Team recovers ancient genomes from dirt, revealing new history of North American bears | Science

A team member records where his team collects rock sediment samples.

Devlin A. Gandy

By Elizabeth Pennisi

When scientists need ancient DNA, they usually have to drill into their teeth or bones – a process that can destroy delicate, sometimes irreplaceable, samples. And that’s assuming they have teeth or bones in the first place.

Now, researchers have shown that they can recover not only high-quality antique DNA from dirt, but also close approximations of the entire genome. The samples in question – from a cave floor in northern Mexico – not only reveal another way to obtain such genetic material, but also help clarify the history of ice bears in North America.

The approach is a “huge breakthrough” for the ancient DNA field, says Anna Linderholm, an archaeologist at Texas A&M University College Station who was not involved in the work. “We only scratch the surface of what is possible when we recover ancient DNA from sediment.”

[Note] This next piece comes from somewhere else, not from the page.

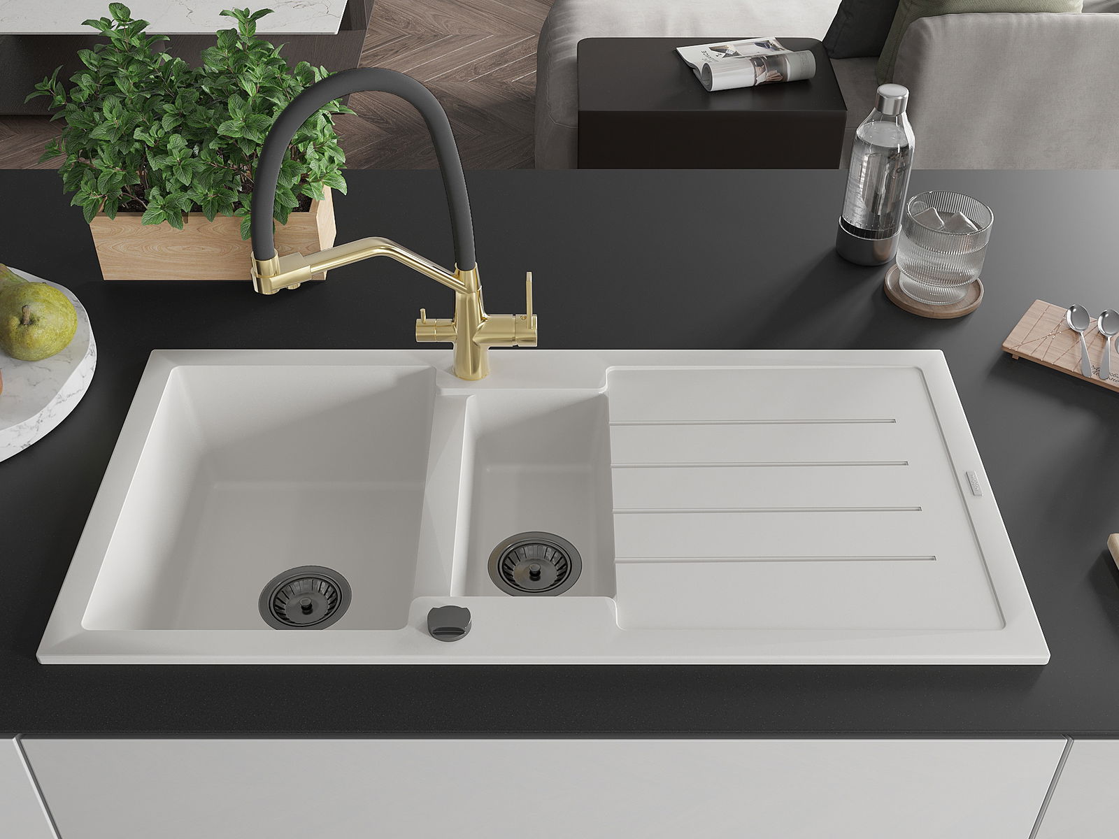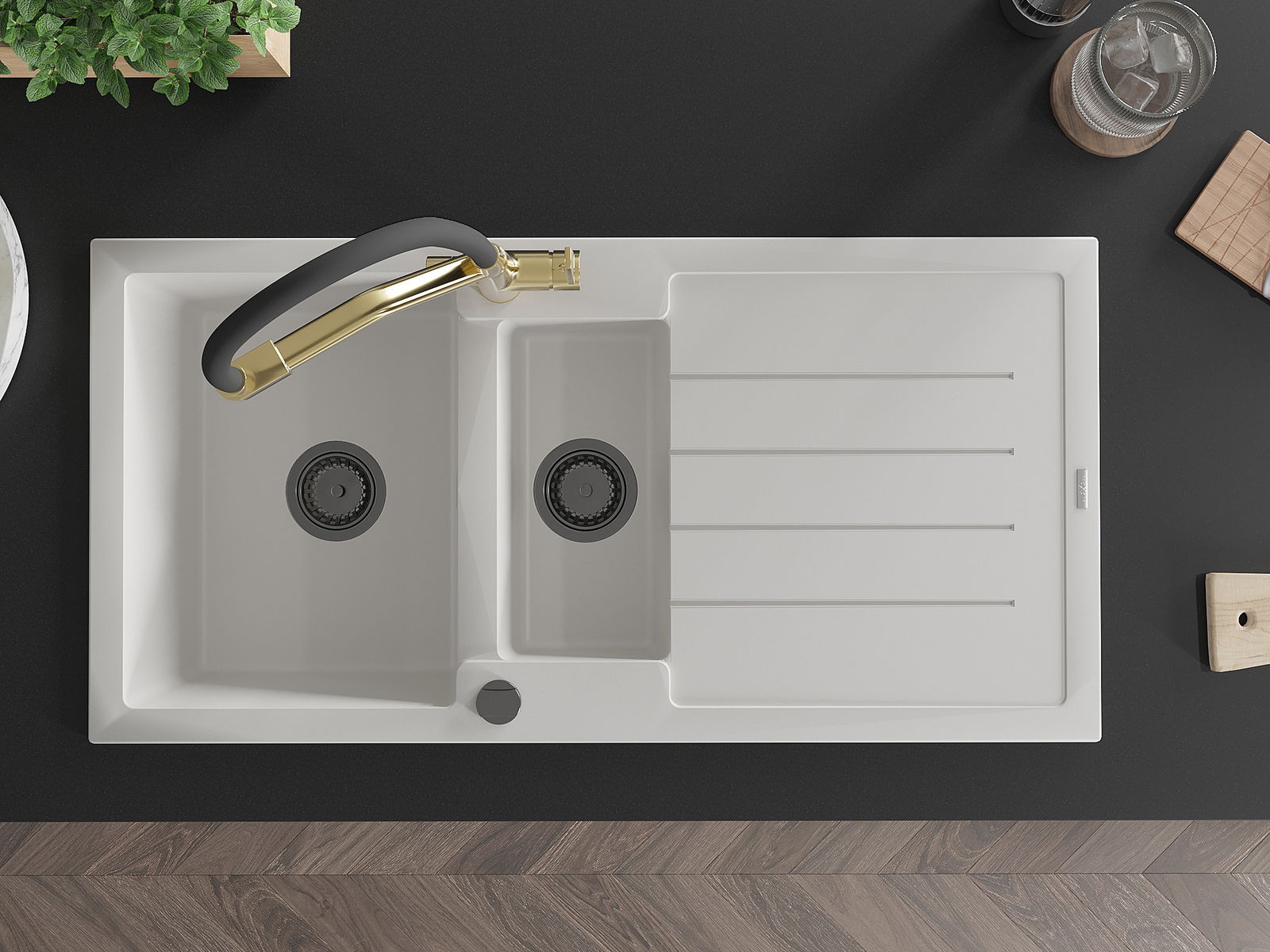 Choosing a sink with a draining board is a practical solution that allows you to set aside washed dishes or vegetables and fruits. The draining board makes daily cooking easier and helps maintain order in the kitchen.

For the new study, molecular paleoecologist Mikkel Winther Pedersen of the GLOBE Institute at the University of Copenhagen reviewed the Chiquihuite Cave in northern Mexico. Since 2012, he and colleagues have discovered stone tools dating back about 30,000 years, and the team was curious about other inhabitants of the site, including ancient bears. The researchers took sediment samples at different levels of the cave floor, recovering DNA from 48 of them.

Instead of simply focusing on obtaining mitochondrial DNA – the small amount of genetic material present in cell centers – as previous studies of DNA in the soil have done, scientists have sequenced all the DNA in each sample. . To do this, they took advantage of techniques that make it possible to decipher billions of bases – or letters – of DNA in just a few days, and developed computer software to manage and analyze all that data. As part of the analysis, they compared the sequenced fragments with the bear’s DNA already in public databases.

From mitochondrial DNA, the researchers were able to determine that black bears (American bear) had long lived in the cave region – at least 3000 years.

Researchers explored the Chiquihuite Cave in northern Mexico to learn more about bears.

Devlin A. Gandy

Nuclear DNA analysis was more difficult because the bear’s genome is billions of bases long, and the fragments were at least the other thousands of bases. So the team put these fragments together and assessed how much of the genome they had, matching soil-derived DNA with existing bear DNA.

Finally, the researchers compiled harsh genomes from three black bears and what turned out to be a giant short-faced bear (we Arctodus), a best-known extinct fossil species in Canada. Pedersen calls his sequenced DNA “environmental genomes” to differentiate them from whole genomes now commonly obtained from living microbes and other organisms.

Researchers didn’t really know how bears went in the last ice age and what happened when the planet warmed again. But comparing the ancient genomes of the black bear with the genomes of the same species in North America, Pedersen’s team found that as the ice disappeared in North America, some black bears headed north to Alaska. Others are paired with black bears from the west, and their descendants later populate the southwestern United States, the team said today in Current biology.

Scientists do not know exactly when these expansions took place in ice-free areas, but only when the world warmed up 12,000 years ago. Some of these bears from the east crossed with other black bears from Alaska and migrated to another part of Alaska. Knowing the relationships between bears that live in different places can be important for conservation efforts, says Pedersen.

Rather than providing information about the history of bears in North America, the paper is also “proof of the concept,” says Ron Pinhasi, a physical anthropologist at the University of Vienna who has been studying ancient DNA for 10 years. it also sequences genomes from ancient soils. “They show how it is possible to analyze ancient DNA from environmental samples in a similar way, as is currently done for DNA from fossil remains.”

In other words, pay attention to several genomes in the old dirt.